Explanation of Mutual Induction
Electromagnetic induction which is produced in the secondary coil due to the non-uniform flow of current in the primary coil is called mutual induction. It is the production of an electromotive force in a circuit by a change in the current in an adjacent circuit which is linked to the first by the flux lines of a magnetic field.
Explanation: Let us consider two coils P and S. They are kept very close to each other. A battery and a tapping key are connected to the coil P [Figure). It is called the primary coil. A galvanometer is connected to the coil, S. It is called the secondary coil.
Now, if a current is allowed to flow in the primary coil P by pressing the tapping key, then the galvanometer in the secondary coil S will give deflection. If the circuit is disconnected by releasing the key, then also the galvanometer will show deflection. But this deflection is in the opposite direction to the previous one. The reason for the flow of current in the secondary coil when the circuit in the primary coil is disconnected is described below.
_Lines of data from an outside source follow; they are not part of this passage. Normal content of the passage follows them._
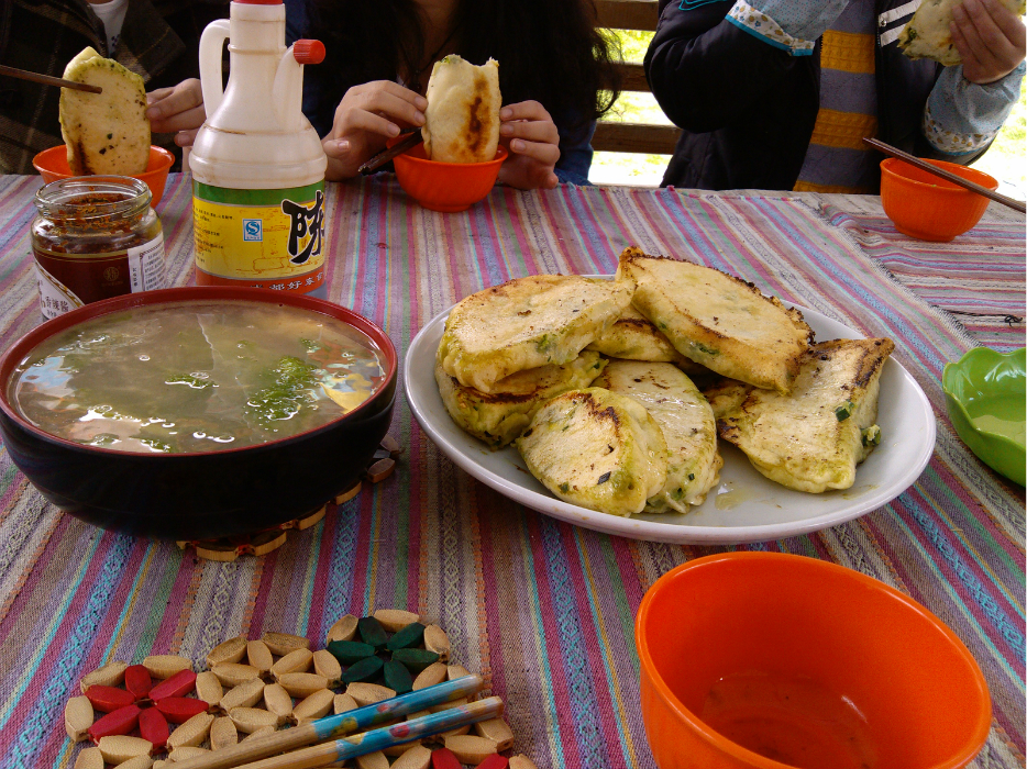 中午跟老板一起吃饭(他的义工们做的韭菜盒子)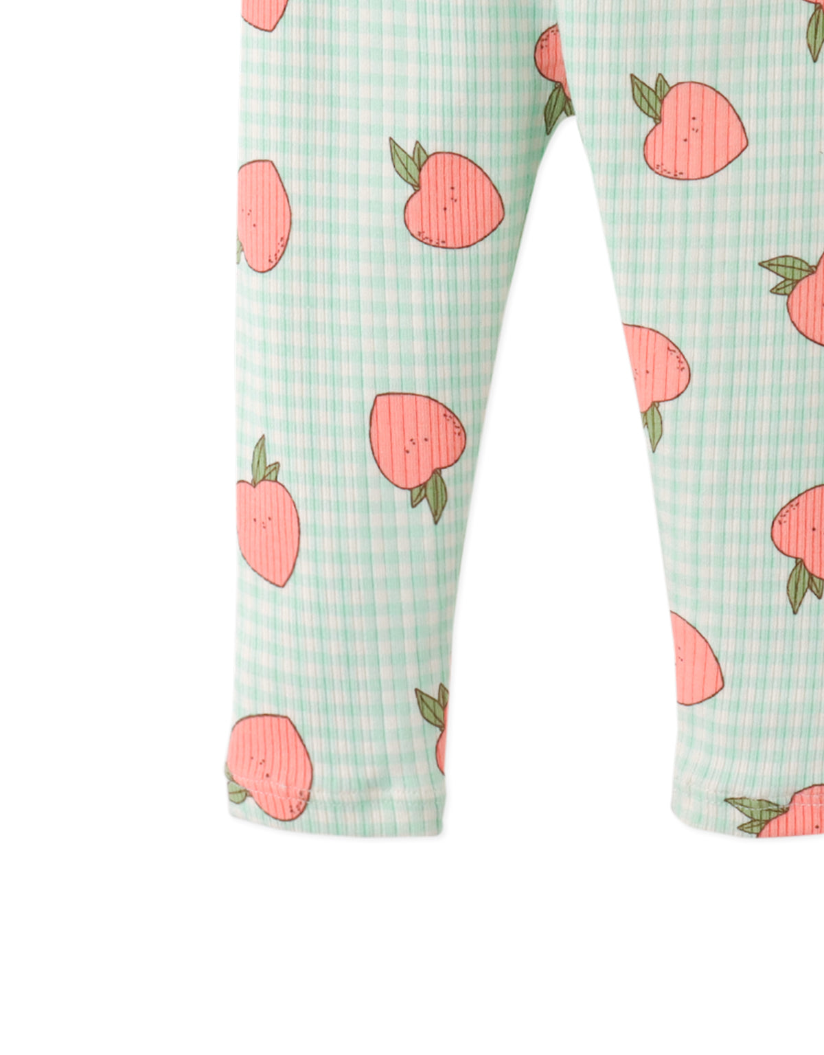 This pair of leggings brings comfort and creativity together in soft ribbed jersey, designed with all-over prints your little one will love. Whether it's the peach-and-gingham charm, the cheeky parrot print, tropical island vibes, or the playful apple and pear combo — each style is a fresh take on fun.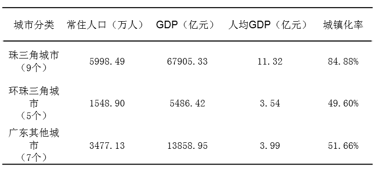 珠三角和环珠三角及广东其他城市差别较大,珠三角9市人均GDP是其它区域城市的3倍以上,而珠三角9市城镇化率则高出其它区域35个百分点,差距巨大;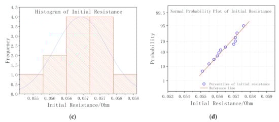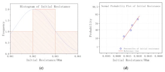 (a) Initial capacity distribution (degraded cells). (b) Normal probability plot of the initial capacity (degraded cells). (c) Initial resistance distribution (degraded cells). (d) Normal probability plot of the initial resistance (degraded cells).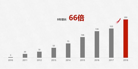 2010年至2018年华为智能手机发货量(单位:百万台)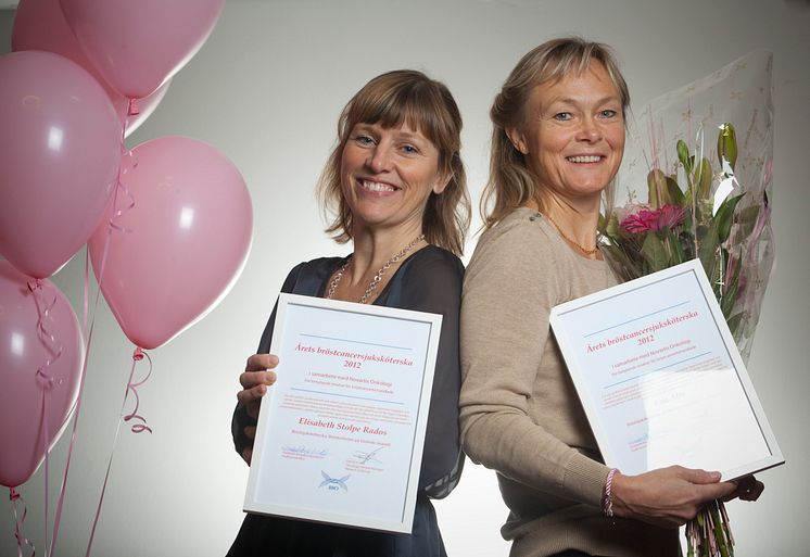 Årets Bröstsjuksköterska 2012. I år delas priset av Elisabeth Stolpe Rados och Eva Alm, båda vid Bröstenheten på Västmanlands sjukhus i Västerås. De får priset för ”ett oerhört professionellt och säkert yrkesutövande som skapar öppenhet, trygghet och värme i mötet med bröstcancerbehandlade”. Även deras insatser för att förbättra bröstcancervården genom lokala och nationella nätverk premieras.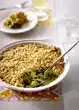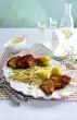 Pluck the leaves and chop them finely, except for a little to garnish. Wash the chives, shake dry and cut into small rolls. Clean and wash spring onions and cut into rings. Mix all prepared ingredients and raisins in a bowl.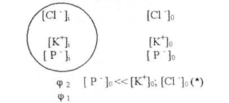 усть имеется внутри и вне клетки только одновалентные катионы К+ (Na+, К+ и т. д.) и анионы Сl- (только в основном) а также присутствуют макромолекулы одного copтa, которые заряжены отрицательно и имеют N центров связывания одновалентных ионов [Р-] - белки (все в основном заряженные отрицательно) .

If the tapping key is pressed, the current in the circuit starts increasing from zero to a fixed value. Due to this change of current the magnetic flux in the secondary coil changes: consequently, according to Faraday’s Law, induced electromotive force is produced in the secondary coil. As a result, current flows in the secondary coil. Due to this current, the galvanometer shows deflection. Now, if the tapping key is released, then the circuit becomes disconnected and current in the circuit falls from the constant value to zero. During this time magnetic flux in the secondary coil changes which creates electromotive force. The direction of this electromotive force is opposite to the previous one, so, also the direction of the current. As a result, the galvanometer gives deflection in the opposite direction.